The 2008 Western Michigan Broncos football team represented Western Michigan University in the 2008 NCAA football season.  The team was coached by Bill Cubit and played their homes game in Waldo Stadium in Kalamazoo, Michigan.

Western Michigan was 9–4 overall and 6–2 in the Mid-American Conference after defeating conference opponents Northern Illinois, Temple, Ohio, Buffalo, Eastern Michigan and Toledo, Big Ten Conference member Illinois, Western Athletic Conference member Idaho and Football Championship Subdivision team .  Western Michigan lost to Nebraska, rival Central Michigan and Ball State.  Western Michigan played in the 2008 Texas Bowl, where they fell to Rice on December 30, 2008.

Over the course of the 2008 season, the Broncos received votes in the AP Poll and the USA Today Coaches Poll, culminating with a top 30 ranking and 9–2 record in week 13. The Broncos no longer received votes after dropping their final two games.

2007 summary

The Broncos finished the 2007 season 5–7 overall and 3–4 in the Mid-American Conference (MAC).  The highlight of the season was the 28–19 victory over the Iowa Hawkeyes, a team that finished 5th in the Big Ten Conference.

Pre-season

WMU was picked to finish third in the West Division, according to the MAC News Media Association.  The Broncos also earned two first place votes and one vote to win the MAC Championship Game.  Rival Central Michigan was picked to win the West Division.  Bowling Green was selected to win the East Division.

Watch lists
 Louis Delmas, FS – East–West Shrine Game
 Londen Fryar, CB – East–West Shrine Game, Jim Thorpe Award
 Branden Ledbetter, TE – John Mackey Award
 Jamarko Simmons, WR – East–West Shrine Game

Recruiting class
The 2008 recruiting class was ranked #1 in the MAC and #65 overall by Rivals.

Schedule

Game summaries

Nebraska

Nebraska jumped out to a 17–0 lead in the second quarter that Western Michigan could not recover from.
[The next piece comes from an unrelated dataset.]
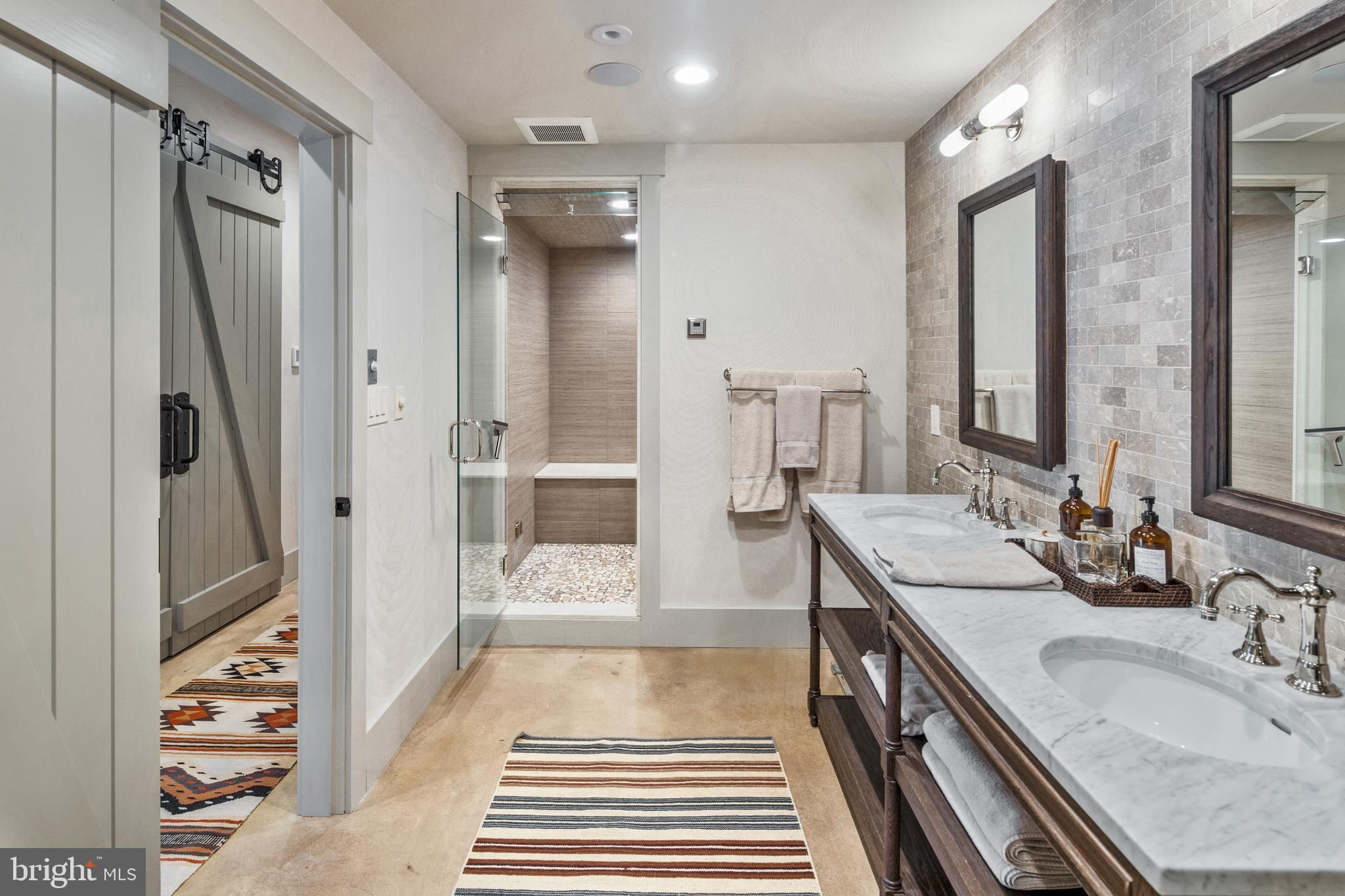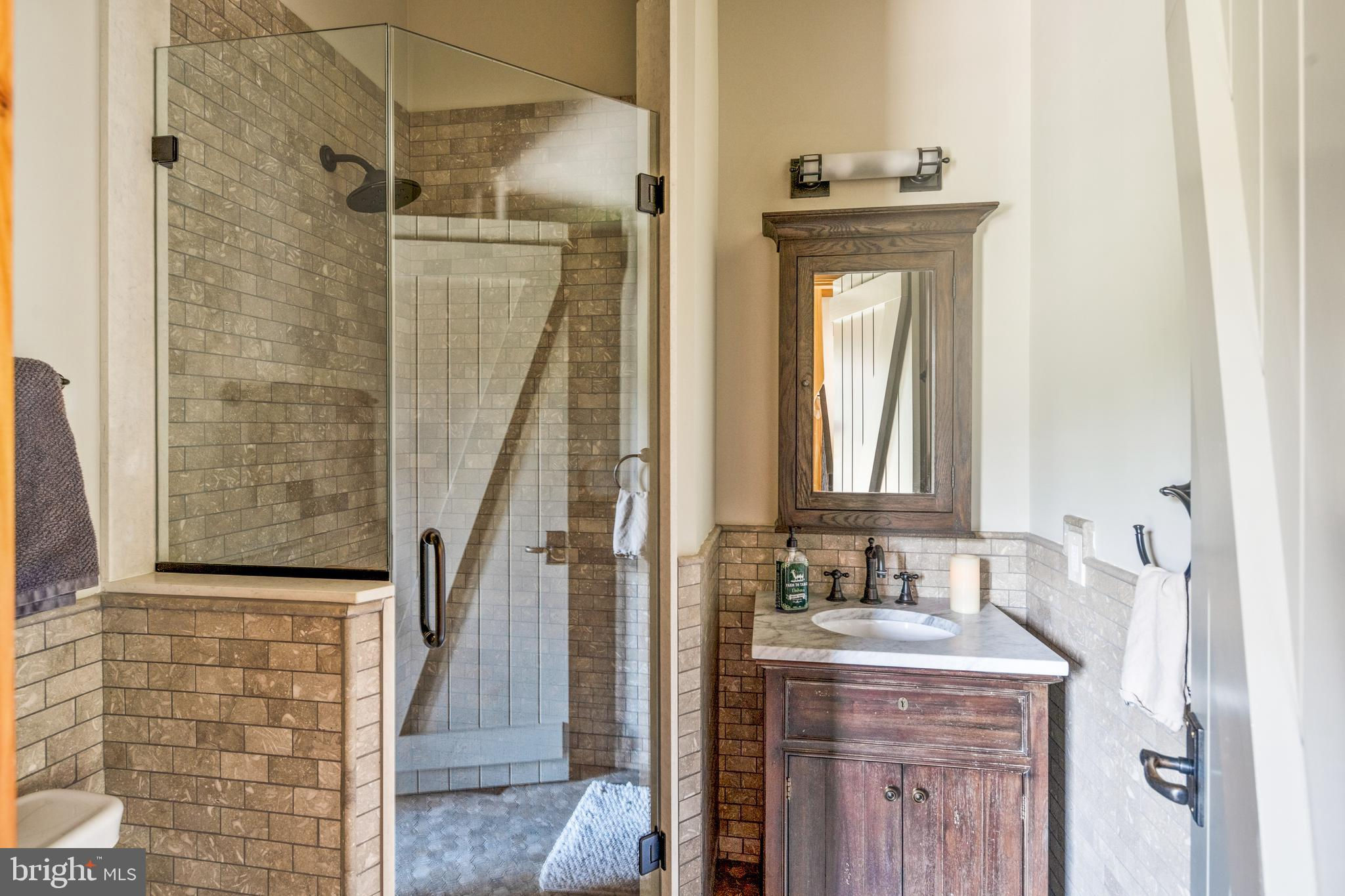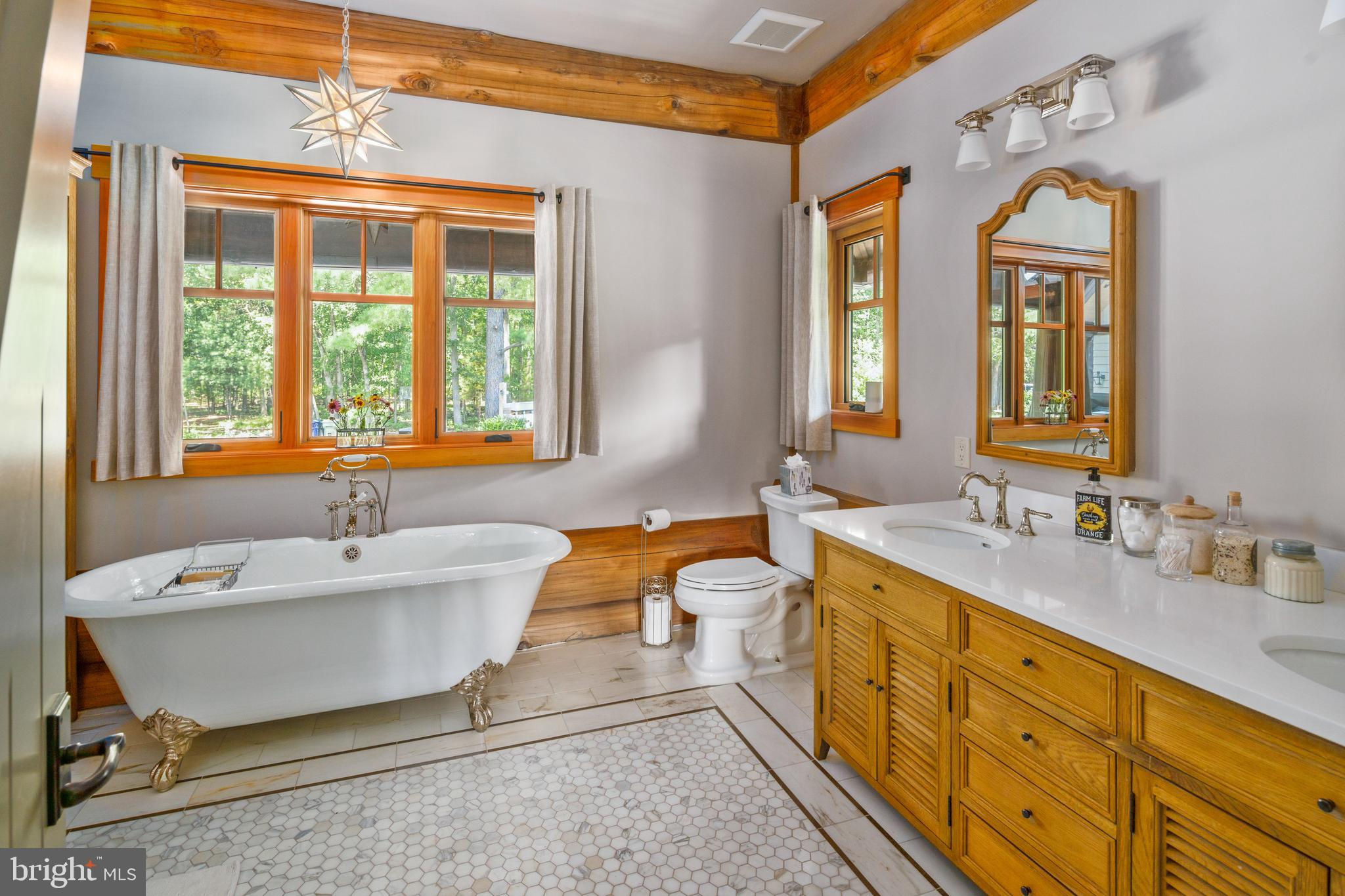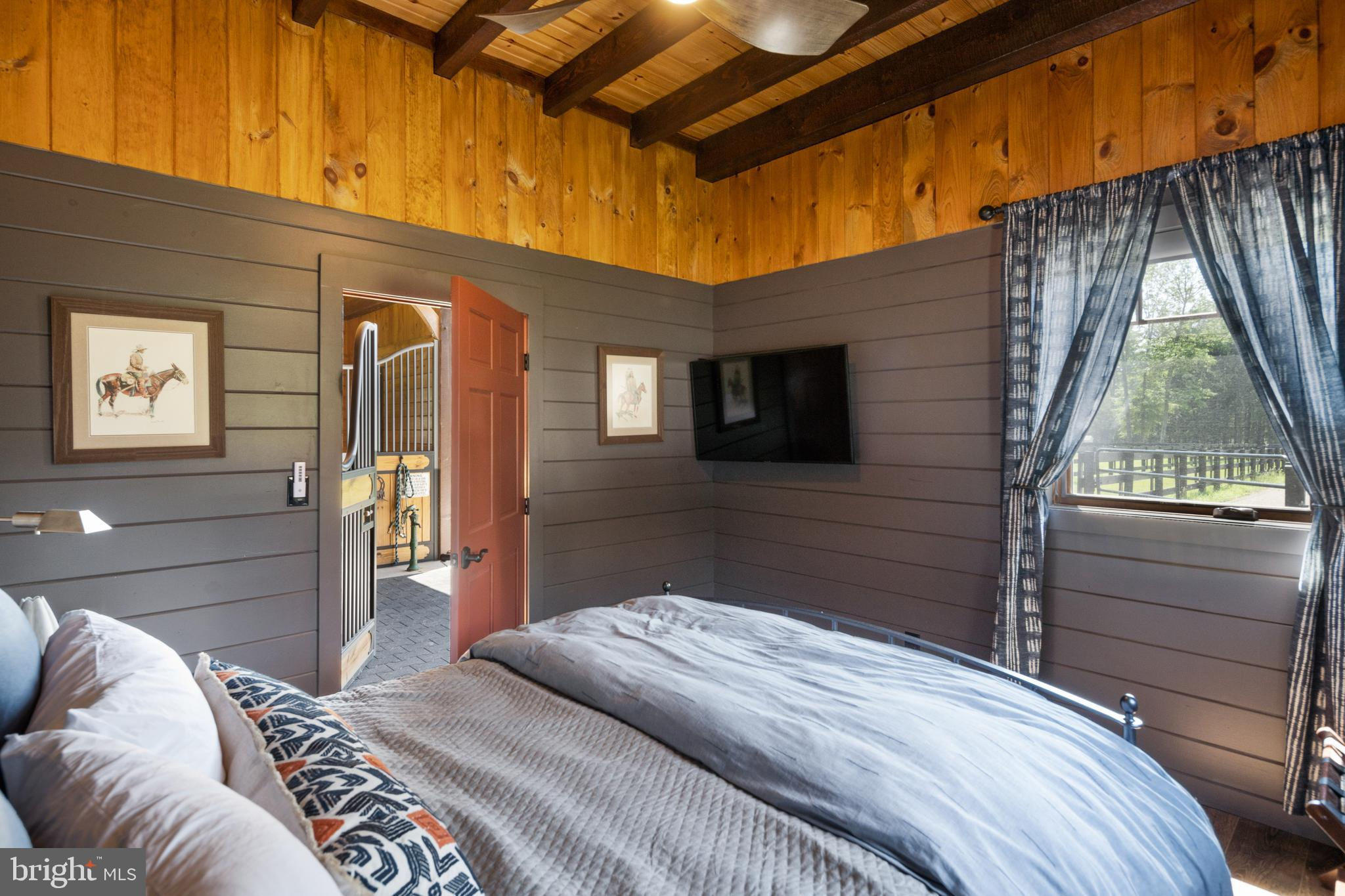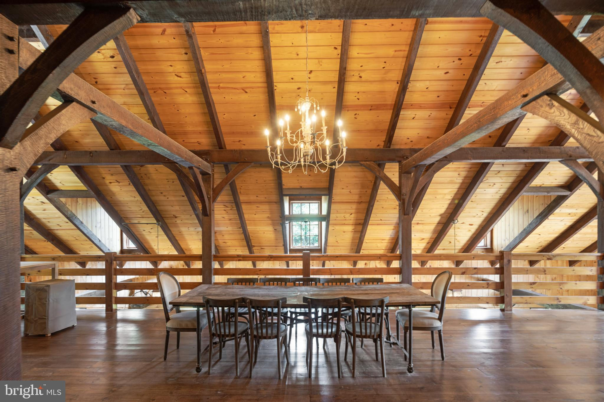 Extraordinary, one-of-a-kind, handcrafted, hybrid-fusion log home that was custom built with Western Red Cedar logs from British Columbia. Low taxes. This pristine and private retreat is unparalleled in architecture and quality craftsmanship with cedar timbers, decking and siding with standing seam metal roof systems, copper gutters and snow guards. Stone foundation and chimneys with blue stone caps. Handmade, Amish-built, solid doors with Ashley Norton hardware throughout. The meandering drive leads to your own slice of heaven, set back on 31 acres of pure tranquility. Whether you're looking for a country retreat or an equestrian paradise, this property will be sure to suit all of your needs. A covered front porch and entryway flanked by gas lanterns invites you into a gorgeous reception area, paneled in 200-year-old reclaimed barn boards. The dramatic great room boasts an A-frame wall of windows, a floor-to-ceiling stone fireplace and English oak wood floors. Rich in natural elements, textures inherent in the logs, the house provides great scale and livability with an open-concept floor plan for daily living and entertaining. The gourmet kitchen features subway tile, Blue Star gas range with a custom-made ventilation hood, pot filler, leathered granite countertops, Quartz-topped island, Thermador refrigeration, farmhouse sink, cabinetry by StarMark and a walk-in pantry. Fantastic integration of indoor and outdoor spaces that flow seamlessly. Access a lovely veranda from the main entertaining area to enjoy the outdoor stone, wood-burning fireplace and hot tub as you overlook the expansive backyard and pastures. The first-floor main bedroom suite with French doors to a covered porch, an exquisite master bathroom with Carrara marble, an oversized seamless glass rainfall shower, polished nickel fixtures, cast iron footed soaking tub, double vanity and a walk-in closet with custom built-ins. The main level also offers a guest suite/home office with Hunter Douglas electric shades, access to the rear deck and an additional full bathroom. The laundry room is outfitted with storage, leathered granite countertops, tile backsplash, Shaws Original farmhouse sink; access to the front porch and oversized, climate controlled two-car garage with commercial-grade epoxy floors, custom cedar garage doors. A stunning stairwell with a custom hand-hammered wrought-iron railing leads to the upper level with a fabulous loft lounge area that overlooks the great room, three spacious bedrooms with custom closet organization systems and balconies. A full bathroom finished in polished hexagonal tile, tub/shower and marble top vanity. The finished lower level offers a second kitchen with Thermador steam oven, island with reclaimed barn boards and leathered granite. TV/media room w/ barn board walls. A gym with walkout access, a full bath with oversized steam shower, double vanity with marble top and tile backsplash. A second laundry room and storage. Lovely picturesque Amish built post & beam barn w/ standing-seam metal roof and copper gutters. Featuring 5 oversized stalls with rubber mats, fans, cameras to monitor horses, center aisle with pavers, wash stall, tack room with lockers, kitchenette with full-sized refrigerator, sink, dishwasher, stone countertops, epoxy floors. A guest suite and full bathroom with seamless glass shower. The upper level offers an expansive loft space for entertaining. All aluminum-clad casement windows throughout, vintage water hydrants, a separate well for barn, wi-fi irrigation, Sonos sound system, 100 Amp sub-panel. Round pen 60' , 5-6 turnouts, outdoor wash stall, wooded riding trails. 8 acres of fenced pastures w/ solar-powered electric fencing and water, riding ring 100' x 180' w/ irrigation system. Whole-house & barn generator. HVAC: 4 zones house, 1 zone barn. Smart switch exterior lighting. Exterior barn lights w/ timer. Central Vac, Cat 5 & cable throughout. Wi-fi irrigation lawn & beds. Farm Assessed.

WMU quarterback Tim Hiller was 30 of 49 for 342 yards and two touchdowns.  Tight end Branden Ledbetter caught nine balls for 123 yards and a touchdown.  The Broncos were held to eight rushing yards for the game.

Recap | Boxscore | WMU pregame notes

Northern Illinois

In the Mid-American Conference opening game for both teams, WMU overcame a 19–14 fourth quarter NIU lead with two Tim Hiller touchdown passes in the span of three minutes and six seconds.  Hiller completed 21 of 30 passes for 186 yards and three touchdowns for the game and running back Brandon West carried the ball 25 times for 175 yards.

NIU was playing without its freshman starting quarterback Chandler Harnish who left the game in the first quarter due to an injury.  NIU outgained WMU 439 to 384 in total yards and had possession of the ball for 34:20 opposed to WMU's 25:40 time of possession.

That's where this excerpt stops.